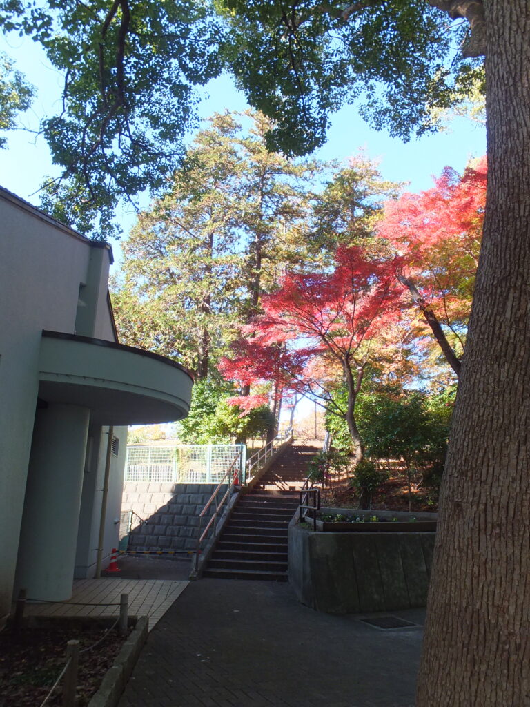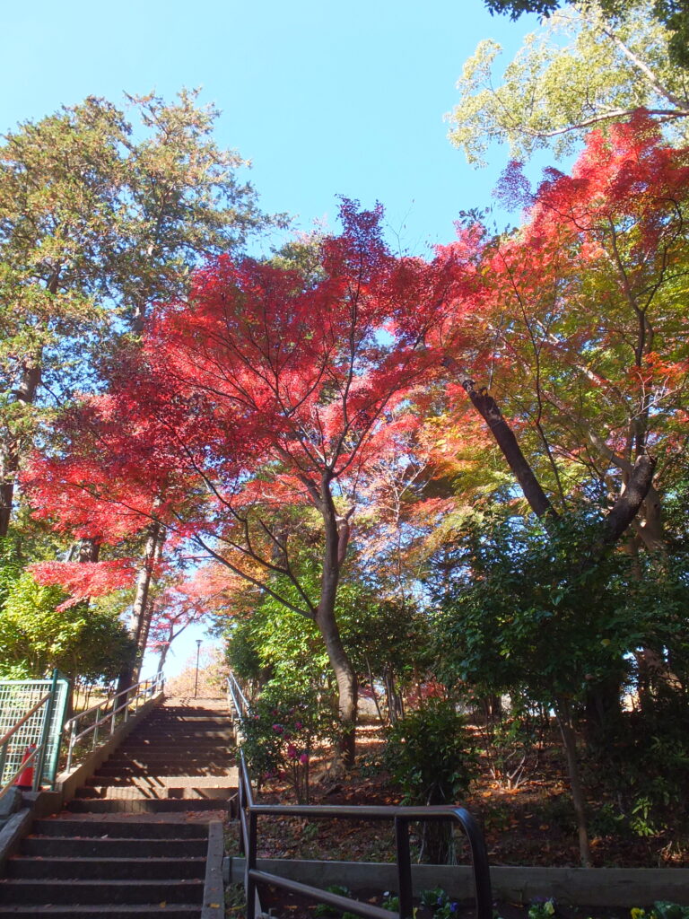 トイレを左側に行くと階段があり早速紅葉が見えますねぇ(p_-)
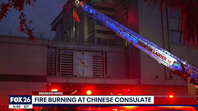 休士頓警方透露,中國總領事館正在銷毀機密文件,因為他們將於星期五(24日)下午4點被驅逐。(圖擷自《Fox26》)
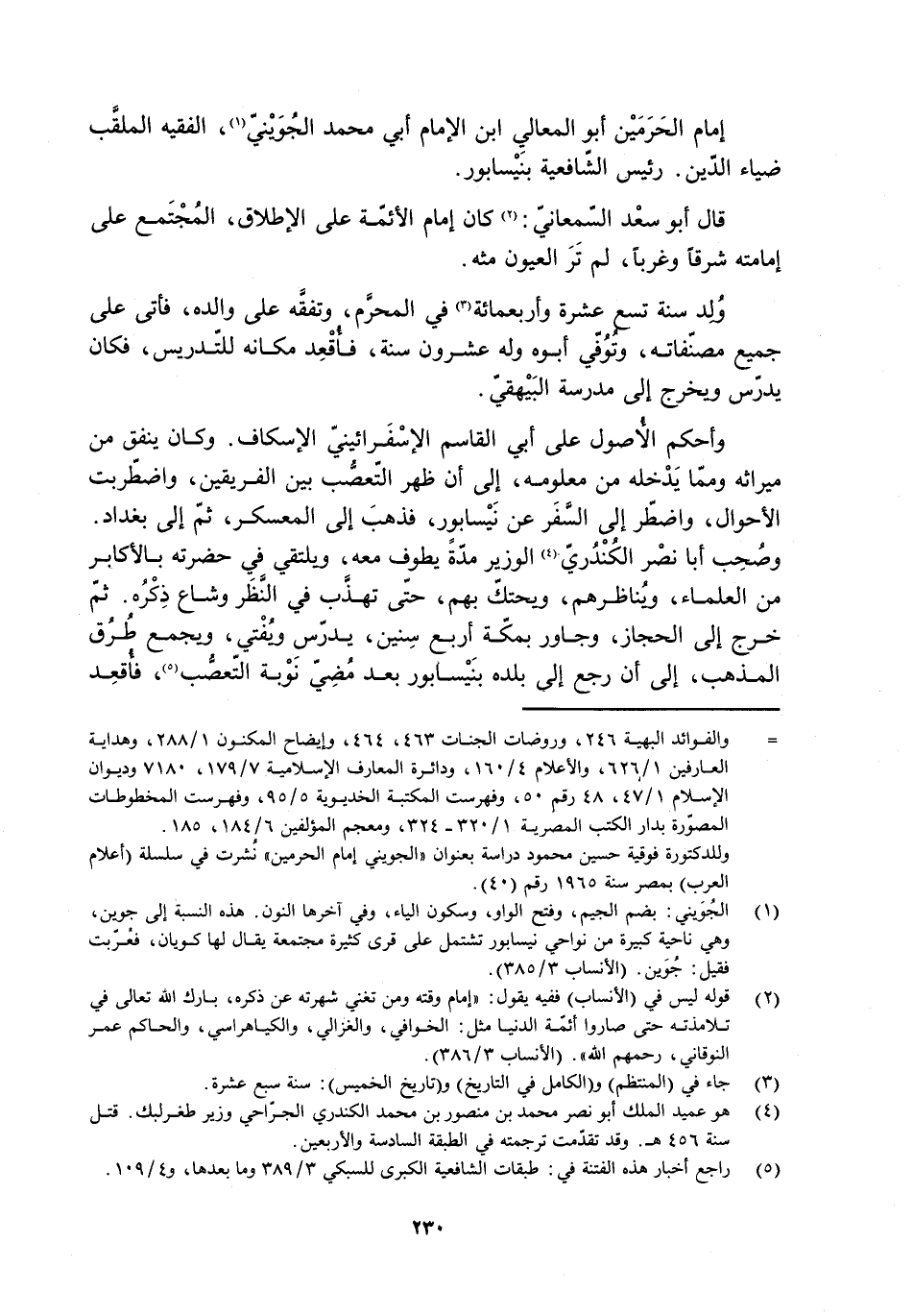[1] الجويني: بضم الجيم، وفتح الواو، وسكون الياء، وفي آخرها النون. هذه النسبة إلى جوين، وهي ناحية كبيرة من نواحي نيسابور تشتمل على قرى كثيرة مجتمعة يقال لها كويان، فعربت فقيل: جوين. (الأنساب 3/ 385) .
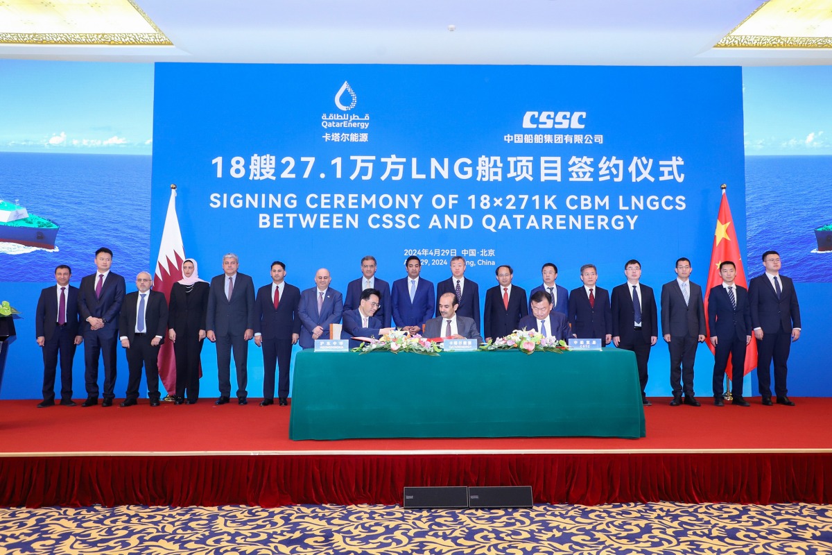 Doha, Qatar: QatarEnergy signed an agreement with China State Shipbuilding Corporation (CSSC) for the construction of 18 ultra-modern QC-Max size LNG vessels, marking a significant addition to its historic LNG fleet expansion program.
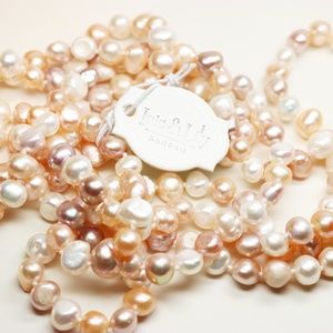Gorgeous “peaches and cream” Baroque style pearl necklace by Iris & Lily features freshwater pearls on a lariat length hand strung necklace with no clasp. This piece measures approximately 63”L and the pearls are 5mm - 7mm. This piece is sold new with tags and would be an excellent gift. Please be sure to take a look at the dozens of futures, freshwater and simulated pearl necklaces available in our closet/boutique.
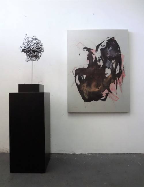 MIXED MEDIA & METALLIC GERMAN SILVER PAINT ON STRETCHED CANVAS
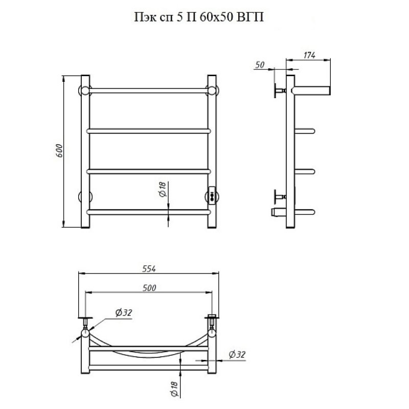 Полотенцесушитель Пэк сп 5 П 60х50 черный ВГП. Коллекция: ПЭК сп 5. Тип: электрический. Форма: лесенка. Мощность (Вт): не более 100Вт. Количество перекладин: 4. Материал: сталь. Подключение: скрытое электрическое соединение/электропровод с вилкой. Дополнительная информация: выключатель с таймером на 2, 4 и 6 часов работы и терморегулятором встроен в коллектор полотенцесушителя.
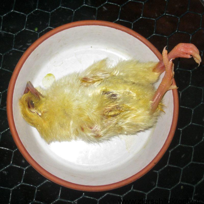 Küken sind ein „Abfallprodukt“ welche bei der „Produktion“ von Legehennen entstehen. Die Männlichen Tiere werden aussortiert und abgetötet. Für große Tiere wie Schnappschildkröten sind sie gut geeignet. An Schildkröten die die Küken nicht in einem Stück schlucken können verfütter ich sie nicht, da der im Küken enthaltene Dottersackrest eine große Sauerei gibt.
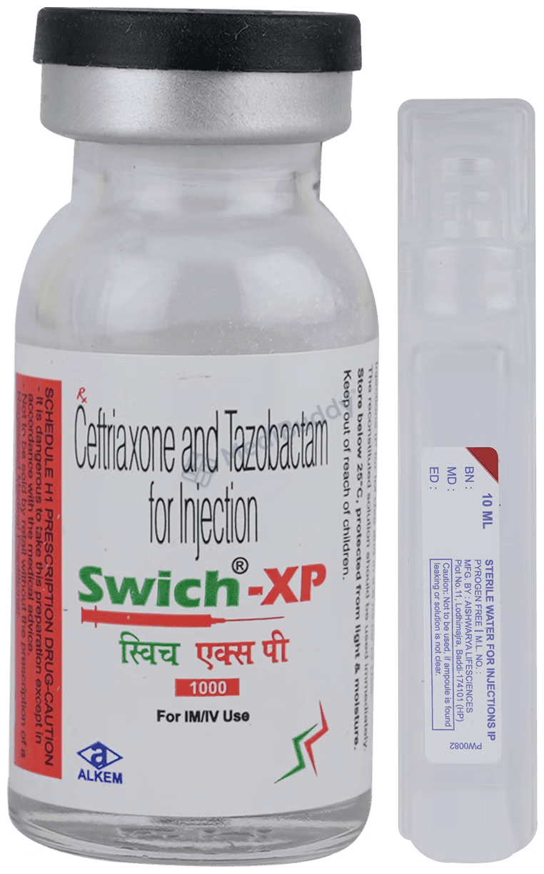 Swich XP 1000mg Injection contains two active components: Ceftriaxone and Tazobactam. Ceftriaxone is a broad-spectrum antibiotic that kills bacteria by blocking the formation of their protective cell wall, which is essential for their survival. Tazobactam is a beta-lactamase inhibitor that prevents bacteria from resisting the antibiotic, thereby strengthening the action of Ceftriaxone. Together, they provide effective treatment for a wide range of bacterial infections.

☆ ☆ ☆ ☆ ☆ ☆ ☆

• _Action item_: From the line containing "MIXED MEDIA &" through the line containing "Полотенцесушитель Пэк сп", copy every line above exactly, without pictures.

• _Response_:
 MIXED MEDIA & METALLIC GERMAN SILVER PAINT ON STRETCHED CANVAS
 Полотенцесушитель Пэк сп 5 П 60х50 черный ВГП. Коллекция: ПЭК сп 5. Тип: электрический. Форма: лесенка. Мощность (Вт): не более 100Вт. Количество перекладин: 4. Материал: сталь. Подключение: скрытое электрическое соединение/электропровод с вилкой. Дополнительная информация: выключатель с таймером на 2, 4 и 6 часов работы и терморегулятором встроен в коллектор полотенцесушителя.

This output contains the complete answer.